When Senf is the better fit
Senf is built for the consulting-firm operating model where engagement work is distributed across a team rather than concentrated in a technical specialist, where the pipeline is irregular and per-survey pricing accumulates, and where the actual constraint is analysis and reporting time rather than data collection sophistication.
Design Collective uses Senf as part of how the firm wins work. Brian Reetz, Principal at Design Collective:
"Including Senf in our proposals has become a real competitive advantage for Design Collective. It signals innovation to clients — and it wins projects."
For a Mid-Atlantic firm competing in proposal-heavy markets, the platform isn't just an engagement tool — it's part of the differentiation story when bidding.
McKenna runs engagement across dozens of active Michigan municipal projects simultaneously. The platform's value at that scale is the analysis layer: thousands of open-text responses moving from collection through categorisation to reporting without the Excel-plus-AI workaround that most consulting firms have quietly built around their existing tools.
Bohler Engineering operates Senf at a different scale entirely: a 500-to-1,000-person land development firm with 43 US offices, using the platform to produce structured community-support documentation for planning commission reviews. The use case is downstream of comprehensive planning — entitlement support — and the platform fits because the firm's pain is documentation rigor at volume.
The pattern across all three: firms whose constraint is workflow rather than survey sophistication. That's the audience Senf was built for.
Frequently asked
How much does Maptionnaire cost?
Maptionnaire's pricing is hybrid: a subscription tier plus per-survey charges. The total depends on subscription level and how many surveys a firm runs across the year. Request a current quote directly when evaluating. For comparison, Senf offers a single-project licence with unlimited surveys inside it, or an annual licence with unlimited projects — different unit, different scaling behaviour.
Does Maptionnaire have AI analysis?
Yes, recently added to the dashboard. The structural question is depth of integration rather than presence. During evaluation, the practical test is whether the AI produces a categorised dataset you then export and assemble, or whether it produces output that lands directly in the project deliverable.
Can Senf handle the kinds of spatial surveys Maptionnaire does?
Yes. Point feedback, route drawing, polygon input, image overlay, photo submissions, and idea boards are all native. Spatial data exports to standard GIS formats and lands cleanly in ArcGIS or QGIS workflows.
We have a GIS expert who likes Maptionnaire. Should we switch?
If your team is concentrated around that expert and the platform is producing good results, the case for switching is weaker — you already have the workflow that fits your operating shape. If the rest of the team can't operate the platform without that person, or if the analysis and reporting work bottlenecks elsewhere, the case is stronger. The honest answer depends on whether the constraint is survey capability or workflow distribution.

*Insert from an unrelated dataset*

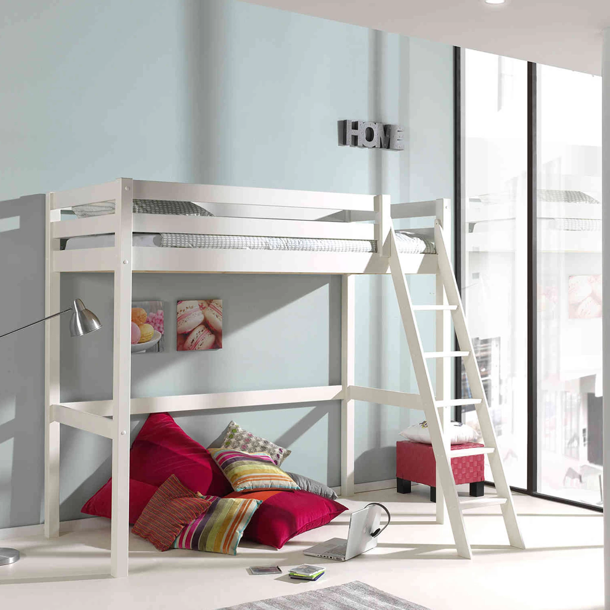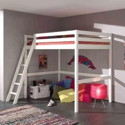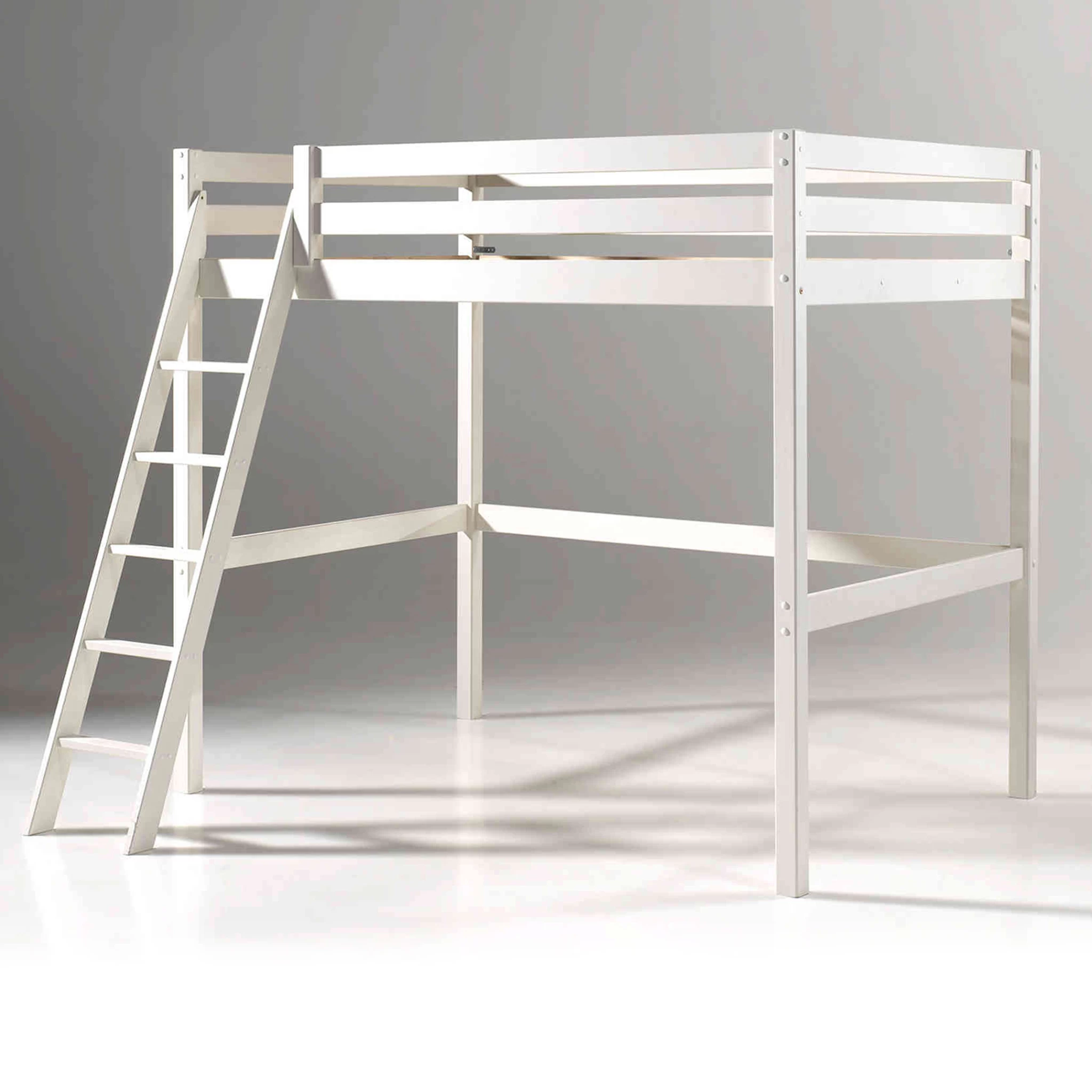 Lit Mezzanine constituĂ© de pin massif de couleur Blanc LaquĂ©. Il est prĂ©vu pour accueillir un couchage 90×200 ou 140×200, le sommier Ă lattes est inclus en revanche le matelas est en option, vendu sĂ©parĂ©ment. Nous vous conseillons un matelas d’Ă©paisseur 20 cm maximale. GrĂące Ă sa hauteur, ce lit mezzanine permettra de faciliter le rangement de la chambre de votre enfant en plaçant en dessous de celui-ci ses coffres de rangement, ses caisses de jouet, … L’Ă©chelle permet Ă votre enfant d’accĂ©der Ă la partie supĂ©rieure du lit. Elle est composĂ©e de 5 marches plates et ses arrĂȘtes sont arrondies.

What about multilingual engagement?
Both platforms support multilingual engagement. Senf includes auto-translation as a native module, which matters for firms running engagement in regions where multiple languages need to be supported without manual translation overhead.
How long does it take to set up a project compared to Maptionnaire?
Senf's setup is template-driven — common project types (corridor studies, comprehensive plans, master plans, public space redesigns) have starting templates that a project manager can configure without GIS expertise. RFP-to-platform setup runs in minutes rather than days. Maptionnaire's setup is configuration-heavy by design; teams with GIS expertise on staff absorb that time, teams without it feel it.